With Western economies facing serious challenges, regional cooperation, greater intra-Asia trade and development will define the region's future.
Over the last several decades, Asia has become increasingly integrated with the rest of the world, its rapid development driven largely by exports to the United States and European Union (EU). Yet, as the world’s main economic arteries shift eastward, intra-regional integration within Asia still lags behind. The recent global financial crisis and economic fall-out is quickly changing that dynamic, however. Indeed, as strong, stable economic growth in the West, particularly in the U.S. and EU, remains elusive, regional markets are becoming more attractive among Asian countries, highlighting the importance for enhanced integration. Despite challenges, this trend toward regional integration should continue in 2013.
Currently, over half of world trade takes place between members of regional trade agreements, and Asia is no exception. However, in Asia, as in other parts of the world, regional integration is uneven. While Southeast Asia is shoring up its economic integration efforts through the Association of Southeast Asian Nations (ASEAN) Economic Community Blueprint for 2015, with plans to continue attracting foreign direct investment, capitalize on the growth of its neighbors (mainly China and India), and accelerate the pace of its trade facilitation measures through a single market strategy, South Asia remains weakly integrated through the South Asian Association for Regional Cooperation (SAARC) both economically and politically.

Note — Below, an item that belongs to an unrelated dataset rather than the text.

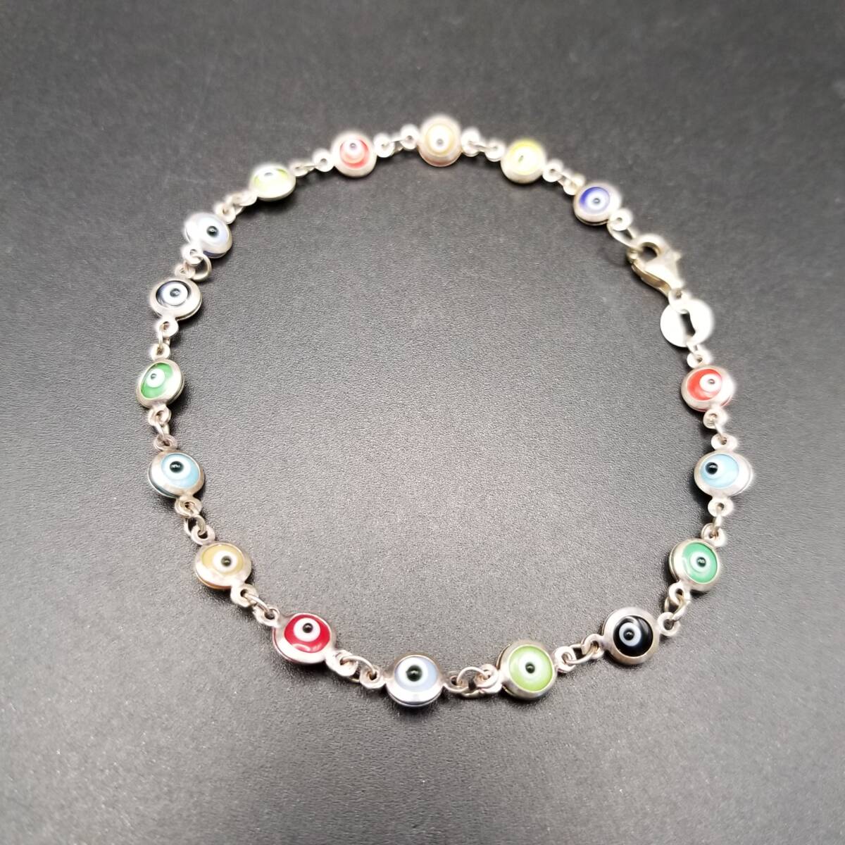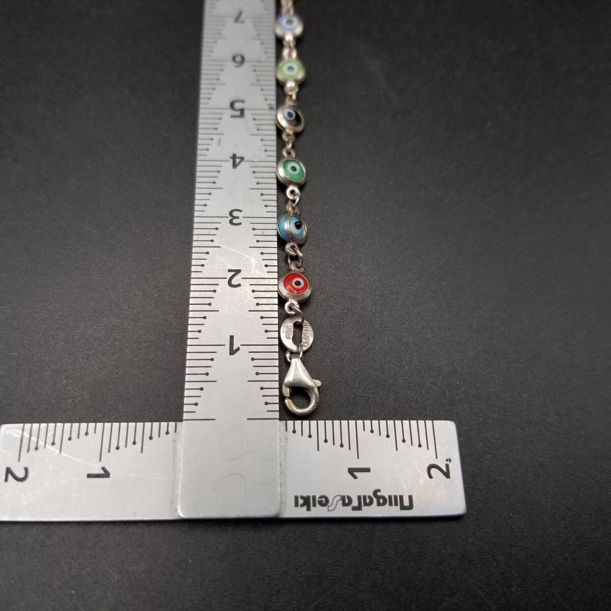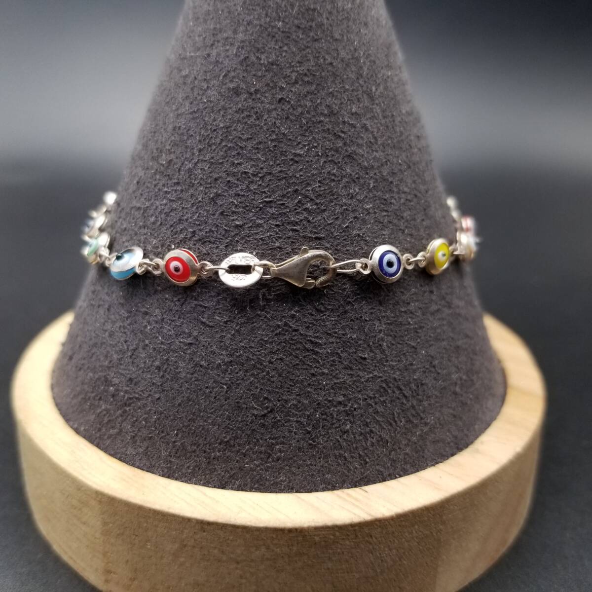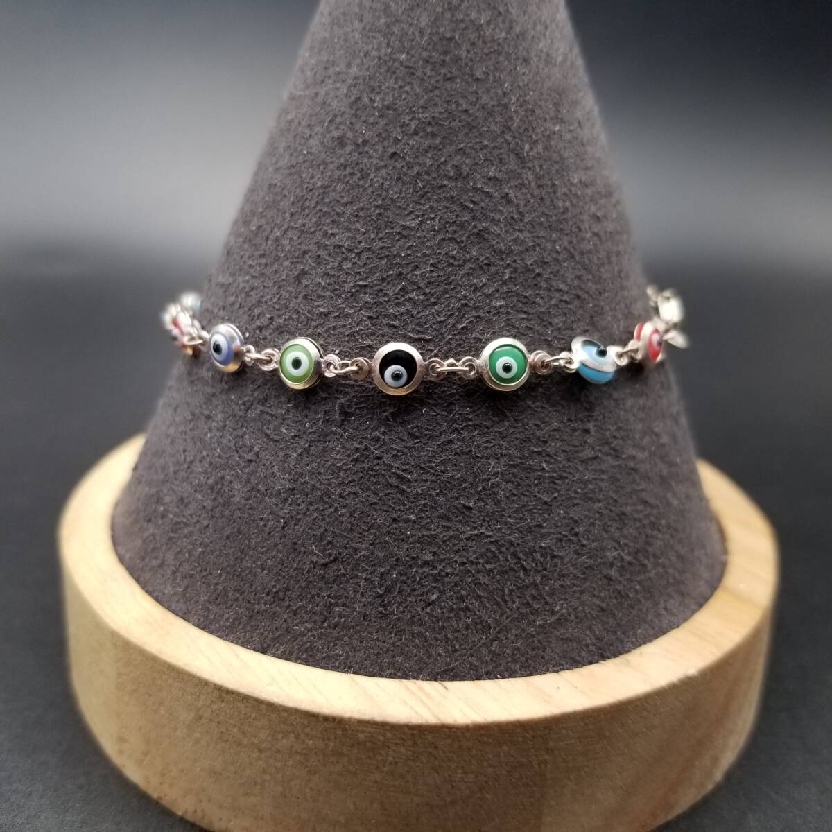 ナザールの目 カラフルガラス 小粒 925 シルバー ヴィンテージ ブレスレット 銀 鮮やか ナザールボンジュウ 個性派ジュエリー Y24-G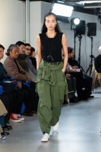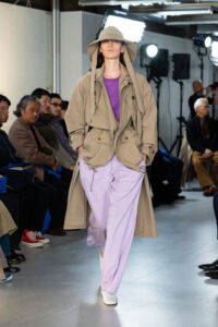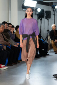 色彩は明るいが鮮やかさよりも優しさを重視したトーンで、スタイルにマッチしていた。透け感のある素材を使用し、視覚的に軽さを演出するアプローチも特徴的だった。

Regionalism, not Protectionism, Can Help Mitigate Global Uncertainty
In fact, Asia has reason for optimism about the capacity of regional trade to compensate for weak markets in the U.S. and the EU and to reduce vulnerability to external shocks. In 2012, opinion leaders in Southeast Asia said that they were most positive about the ASEAN Economic Community compared to all other regional trade agreements in Asia. Indeed, while East Asian economic cooperation has mostly been driven by market forces, Southeast Asia has taken significant strides in formalizing its region as a single market and production base through ASEAN. Intra-regional trade and trade with China now accounts for more than 37 percent of ASEAN’s total trade, up from around 26 percent in 2000. At the same time, trade with the U.S. has fallen from 20 percent in 2000 to 10 percent in 2011, and trade with the EU from 15 percent to 11 percent in the same period.

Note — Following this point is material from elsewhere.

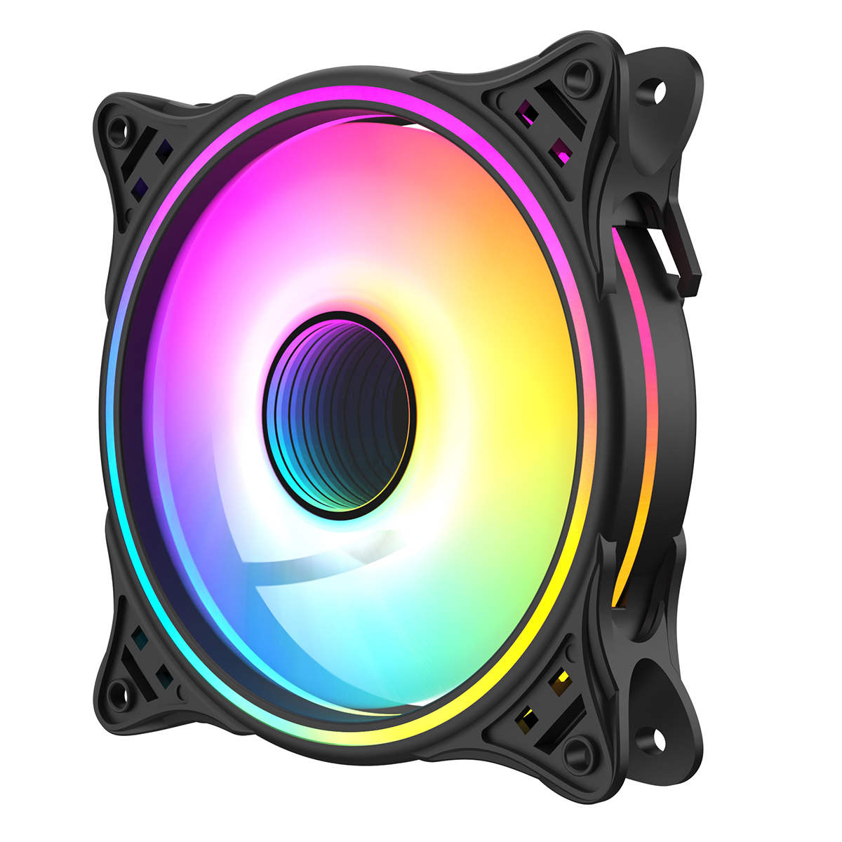 This stylish dual-ring fan is available in black or white and with a speed ranging from 500-1500 RPM and airflow of 48.7 CFM. Daisy-chain multiple units via the ARGB fans male and female Aura connectors. As a PWM fan (Pulse-Width Modulation) it’s rotation speed can be user controlled by connecting the fan to a compatible motherboard or a compatible controller. As a result, users can choose whether they want the fan to run quietly or have enhanced airflow.

On the other hand, progress on SAARC’s goal of a South Asian Economic Union by 2020 remains relatively slow. Though intra-regional trade in South Asia recently surpassed $2 billion following the full implementation of the South Asia Free Trade Agreement, it represents only 5 percent of the region’s total trade volume, compared to ASEAN’s 22 percent and the EU’s 55 percent. However, South Asia has made strides integrating with the rest of Asia. For example, while only 1.3 percent of South Asia’s parts and components are traded within the sub-region, 56.3 percent go to East Asia. This represents the enormous potential that exists for South Asia’s future trade among its own region.

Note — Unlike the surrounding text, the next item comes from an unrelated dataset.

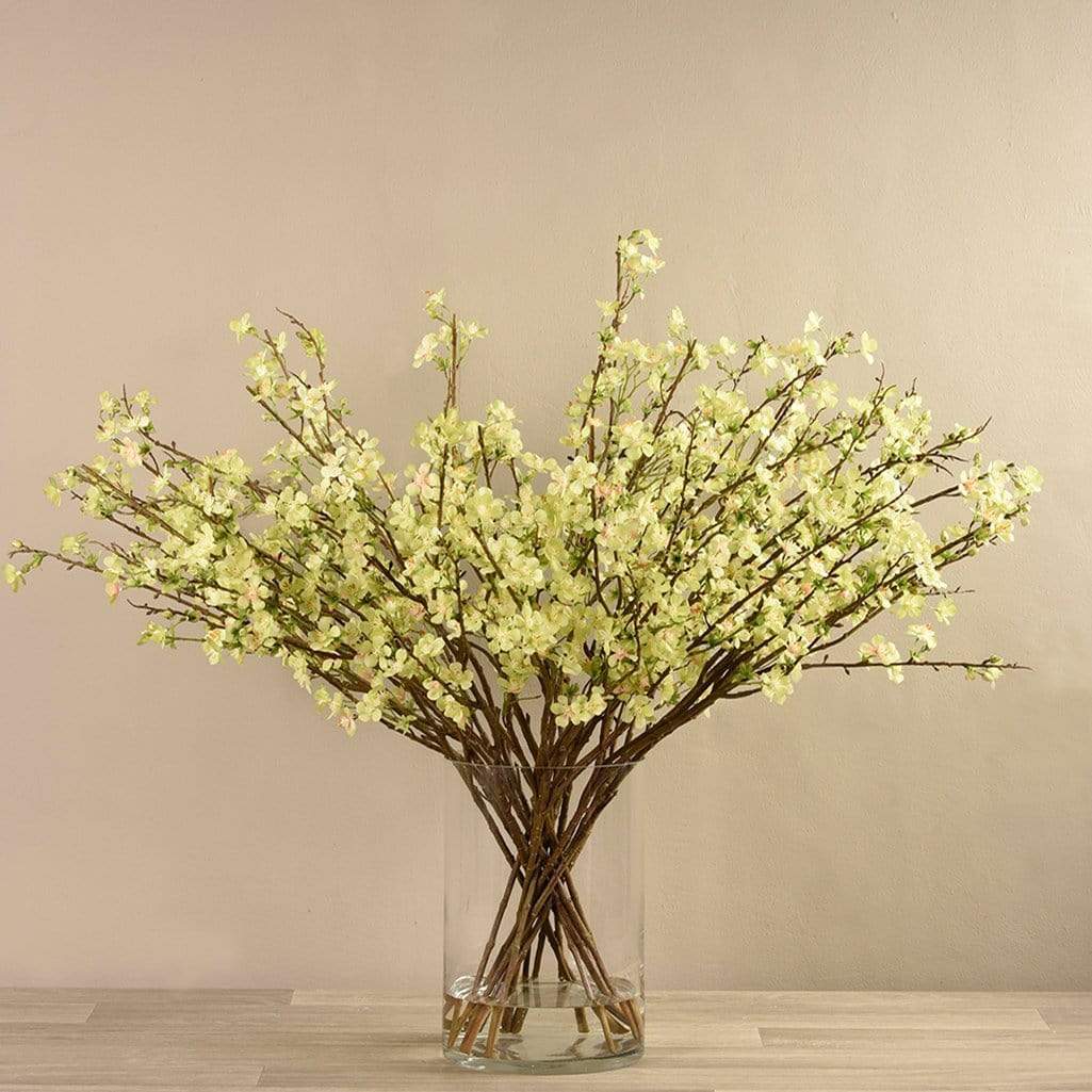 • فروع زهر أشجار صناعية مصفوفة داخل مزهرية زجاجية أنيقة.

Such economic integration in the region is becoming increasingly important to help stave off and overcome global economic shocks. Prior to the last-minute resolution that saved the U.S. from falling off the “fiscal cliff,” the UN Social Commission on Asia and the Pacific warned that if the U.S. were to fall, it would have dire consequences for Asia, decreasing growth by as much as 2.2 percent in some countries. To reduce their dependency on developed countries’ economies, Asian countries need to diversify their export markets and take advantage of the efficiencies and growing demand that regional trade offers.